I washed the dishes I had used and, not knowing what better to do, sat down in my armchair and took a book that I had begun reading a few days before—Laurent Binet’s excellent novel The Seventh Function of Language. I was captivated by the enthralling story and became engrossed in my reading. After fifty-odd pages, I looked at the digital clock on the shelf; it was a quarter to eleven. Indeed, good fiction can deceive one’s sense of time: I had read for more than an hour, but I had the impression that only twenty minutes had passed.

And not only that. My guilty conscience also jabbed me when I realized that the whole time I was residing enthralled in the parallel world of this novel, I had not given Ivana a single thought. That was certainly a compliment to Binet, but an unforgivable transgression towards Ivana, to whom something had certainly happened.

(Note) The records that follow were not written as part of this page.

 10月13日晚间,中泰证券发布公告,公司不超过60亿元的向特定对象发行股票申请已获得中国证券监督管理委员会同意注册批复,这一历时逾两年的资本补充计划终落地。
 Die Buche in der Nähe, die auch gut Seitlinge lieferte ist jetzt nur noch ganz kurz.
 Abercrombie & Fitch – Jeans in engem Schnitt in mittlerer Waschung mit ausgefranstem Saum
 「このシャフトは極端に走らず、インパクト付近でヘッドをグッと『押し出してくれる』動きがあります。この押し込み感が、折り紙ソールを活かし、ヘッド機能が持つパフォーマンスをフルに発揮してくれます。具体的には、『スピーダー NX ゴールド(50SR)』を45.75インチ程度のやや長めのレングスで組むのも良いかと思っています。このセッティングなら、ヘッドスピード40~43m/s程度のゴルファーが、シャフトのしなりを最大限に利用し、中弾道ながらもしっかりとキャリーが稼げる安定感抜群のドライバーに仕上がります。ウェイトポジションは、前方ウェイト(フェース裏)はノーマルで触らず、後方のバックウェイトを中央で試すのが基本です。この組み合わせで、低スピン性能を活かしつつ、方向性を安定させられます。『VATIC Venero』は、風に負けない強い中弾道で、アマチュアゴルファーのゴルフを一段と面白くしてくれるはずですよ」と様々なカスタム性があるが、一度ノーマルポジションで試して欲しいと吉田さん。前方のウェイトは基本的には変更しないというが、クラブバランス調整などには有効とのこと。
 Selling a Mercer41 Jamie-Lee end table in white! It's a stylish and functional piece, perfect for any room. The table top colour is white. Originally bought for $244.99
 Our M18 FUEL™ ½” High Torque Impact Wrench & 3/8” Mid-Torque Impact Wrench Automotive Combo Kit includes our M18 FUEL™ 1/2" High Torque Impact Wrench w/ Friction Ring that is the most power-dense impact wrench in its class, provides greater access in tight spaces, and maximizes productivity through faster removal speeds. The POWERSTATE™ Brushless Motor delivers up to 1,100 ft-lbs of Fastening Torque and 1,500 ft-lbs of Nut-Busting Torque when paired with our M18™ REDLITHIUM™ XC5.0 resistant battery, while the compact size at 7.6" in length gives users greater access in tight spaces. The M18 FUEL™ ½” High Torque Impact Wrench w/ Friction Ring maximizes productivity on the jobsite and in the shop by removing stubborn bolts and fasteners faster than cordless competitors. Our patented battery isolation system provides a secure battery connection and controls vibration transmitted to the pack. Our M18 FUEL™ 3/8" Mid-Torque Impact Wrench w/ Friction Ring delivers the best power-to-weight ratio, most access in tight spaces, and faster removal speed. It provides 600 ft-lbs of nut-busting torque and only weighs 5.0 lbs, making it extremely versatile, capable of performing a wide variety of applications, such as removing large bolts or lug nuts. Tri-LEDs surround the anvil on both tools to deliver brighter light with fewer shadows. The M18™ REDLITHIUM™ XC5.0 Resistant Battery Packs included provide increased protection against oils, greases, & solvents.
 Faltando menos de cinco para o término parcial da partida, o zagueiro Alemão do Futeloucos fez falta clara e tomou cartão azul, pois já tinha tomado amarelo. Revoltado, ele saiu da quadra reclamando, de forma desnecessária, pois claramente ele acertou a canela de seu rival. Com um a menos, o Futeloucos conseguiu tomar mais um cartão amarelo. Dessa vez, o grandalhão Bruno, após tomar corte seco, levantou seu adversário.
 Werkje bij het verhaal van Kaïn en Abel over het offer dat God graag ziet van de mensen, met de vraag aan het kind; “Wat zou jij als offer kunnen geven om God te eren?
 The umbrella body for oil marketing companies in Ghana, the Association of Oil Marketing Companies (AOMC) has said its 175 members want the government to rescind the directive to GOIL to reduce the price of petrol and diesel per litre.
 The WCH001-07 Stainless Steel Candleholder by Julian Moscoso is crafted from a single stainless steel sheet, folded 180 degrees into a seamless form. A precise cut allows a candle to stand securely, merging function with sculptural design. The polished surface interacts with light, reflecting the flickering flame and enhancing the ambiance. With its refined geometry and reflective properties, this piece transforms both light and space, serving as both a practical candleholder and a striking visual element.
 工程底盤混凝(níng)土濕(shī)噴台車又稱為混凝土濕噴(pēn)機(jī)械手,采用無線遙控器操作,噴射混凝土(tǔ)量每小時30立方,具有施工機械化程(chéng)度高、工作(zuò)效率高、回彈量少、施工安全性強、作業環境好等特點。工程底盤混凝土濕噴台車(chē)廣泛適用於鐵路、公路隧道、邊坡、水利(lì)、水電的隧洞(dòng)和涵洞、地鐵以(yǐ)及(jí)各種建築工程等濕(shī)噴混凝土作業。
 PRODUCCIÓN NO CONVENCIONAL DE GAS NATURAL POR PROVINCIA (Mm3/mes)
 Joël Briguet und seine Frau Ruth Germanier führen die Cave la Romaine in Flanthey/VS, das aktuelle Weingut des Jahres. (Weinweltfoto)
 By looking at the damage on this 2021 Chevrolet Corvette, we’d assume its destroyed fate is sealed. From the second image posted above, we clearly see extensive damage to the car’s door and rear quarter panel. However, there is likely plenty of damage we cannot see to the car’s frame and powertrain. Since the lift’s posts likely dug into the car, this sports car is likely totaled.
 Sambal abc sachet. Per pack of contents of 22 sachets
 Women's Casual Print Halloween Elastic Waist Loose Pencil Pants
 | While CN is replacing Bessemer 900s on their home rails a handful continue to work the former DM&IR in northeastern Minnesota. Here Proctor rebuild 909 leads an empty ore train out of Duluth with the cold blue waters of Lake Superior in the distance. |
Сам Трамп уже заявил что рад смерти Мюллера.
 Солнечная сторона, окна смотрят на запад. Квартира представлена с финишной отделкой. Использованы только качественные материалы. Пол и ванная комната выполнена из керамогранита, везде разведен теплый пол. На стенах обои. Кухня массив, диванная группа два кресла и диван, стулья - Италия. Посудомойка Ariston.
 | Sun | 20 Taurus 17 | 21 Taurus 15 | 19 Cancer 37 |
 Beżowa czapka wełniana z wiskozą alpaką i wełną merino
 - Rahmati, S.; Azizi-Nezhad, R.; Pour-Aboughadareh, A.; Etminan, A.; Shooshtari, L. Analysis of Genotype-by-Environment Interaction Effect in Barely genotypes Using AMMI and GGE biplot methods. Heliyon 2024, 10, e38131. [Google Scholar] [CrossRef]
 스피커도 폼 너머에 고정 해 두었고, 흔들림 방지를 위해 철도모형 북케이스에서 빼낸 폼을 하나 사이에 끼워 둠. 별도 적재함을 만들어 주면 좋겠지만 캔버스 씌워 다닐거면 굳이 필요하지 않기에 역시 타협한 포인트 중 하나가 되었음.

Not one single explanation crossed my mind for the fact that it was, my goodness, nearly eleven, and she was not home and had not called. As if the earth had swallowed her whole. As if she had simply disappeared.

A wave of panic rushed through me. A whole series of useless thoughts crossed my mind: I should go search for her (yes, but where?), I should report her disappearance on social media (yes, but I do not use any, I do not know how that is done), I should call her brother or aunt (yes, but I do not even have their phone numbers), I should ask our mutual friends if anyone had heard anything about her (I would just unnecessarily disturb them at this late hour; if anyone had heard something, they surely would have called by now), I should contact the hospitals (yes, but they do not give out information unless you are related to the patient or—I became petrified—the deceased)…

Once I had recovered myself a little, the very thing I should have first thought of as a fan and occasional writer of detective fiction then dawned on me: when someone goes missing, you do nothing under your own initiative, but instead report the case to the police. The sooner, the better.